# Exercise
Output word for word the lines from the one with "Шлем выполнен из" to the final line of the data, both ends included, but skip the pictures.
BEGIN Dataset excerpt
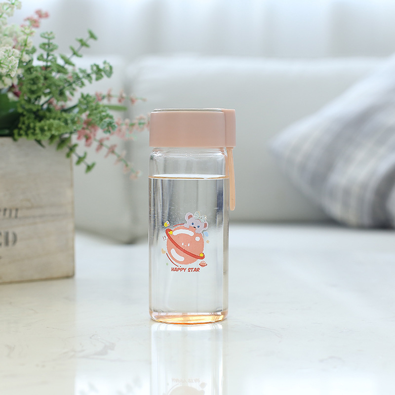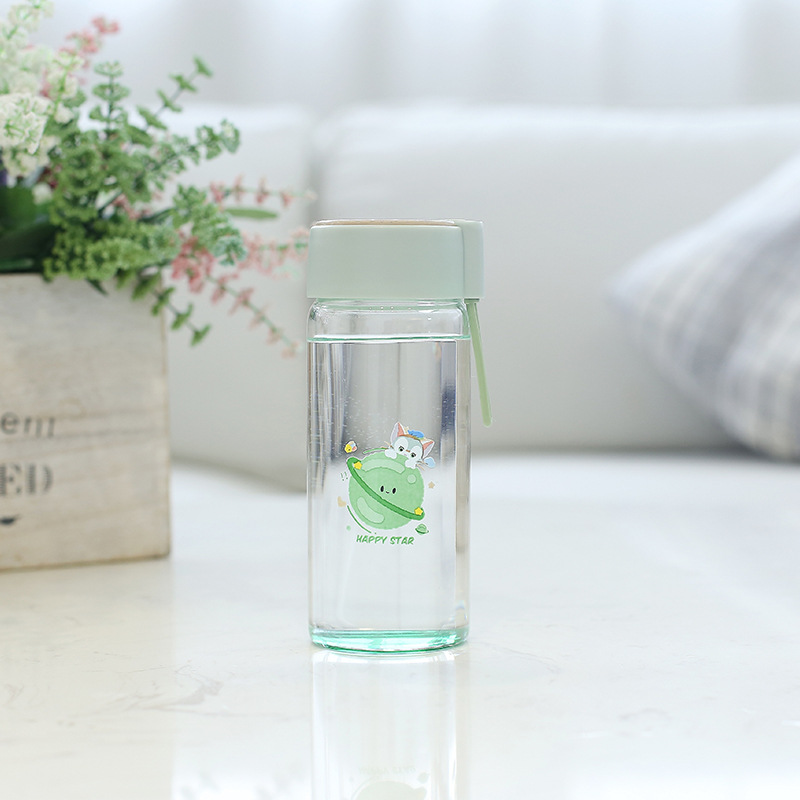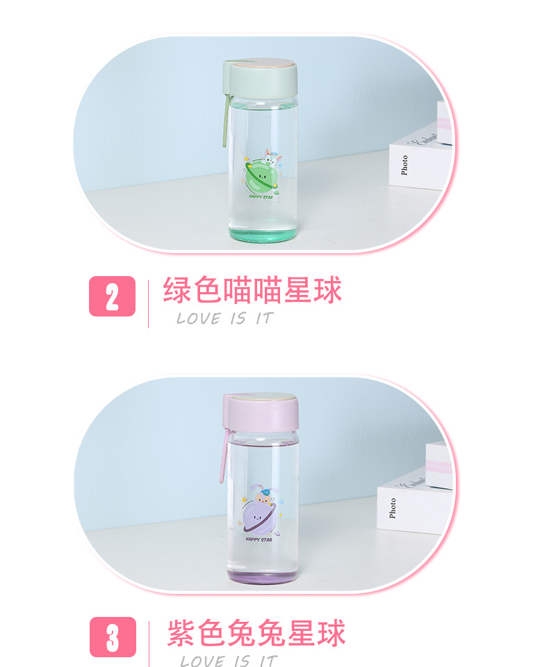 可爱迷你便携儿童玻璃吸管杯男女学生早餐牛奶茶杯大肚礼品杯印字
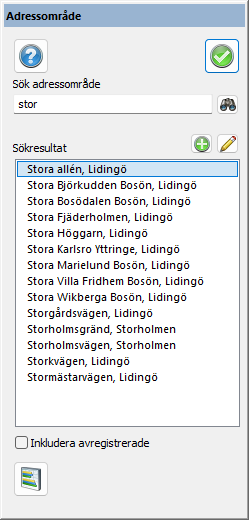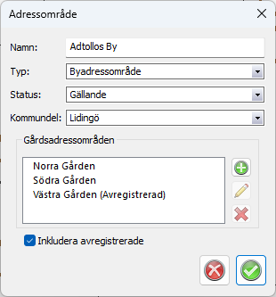 Du kan även inkludera avregistrerade gårdsadressområden i den här listan.
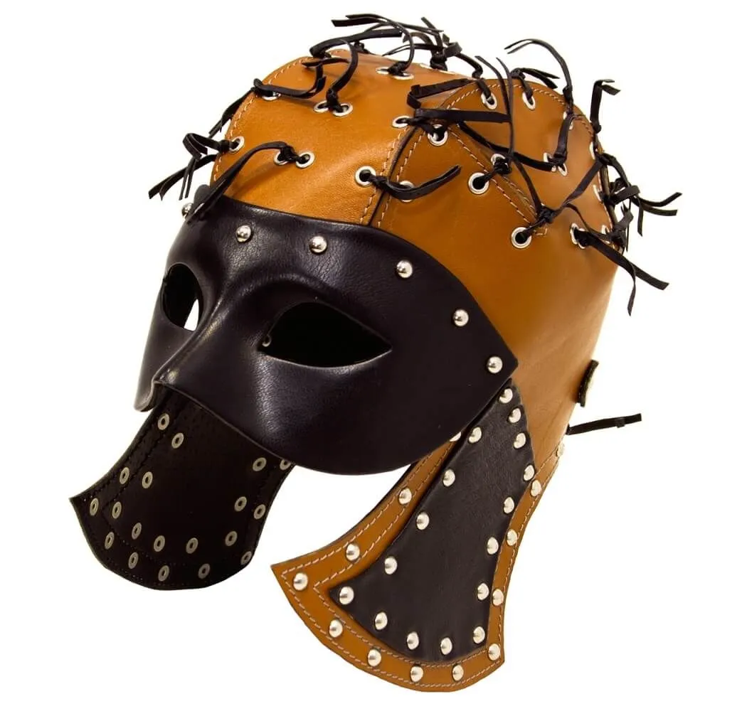 Шлем выполнен из натуральной кожи черного и рыжего цветов и украшен металлическими клепками и тонкими полосками кожи.
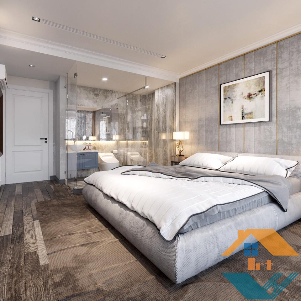 Không gian phòng ngủ được thiết kế kiểu khép kín kết hợp nhà tắm kính ngay bên cạnh chiếc giường rất tiện dụng.
END Dataset excerpt
# Response area
 Шлем выполнен из натуральной кожи черного и рыжего цветов и украшен металлическими клепками и тонкими полосками кожи.
 Không gian phòng ngủ được thiết kế kiểu khép kín kết hợp nhà tắm kính ngay bên cạnh chiếc giường rất tiện dụng.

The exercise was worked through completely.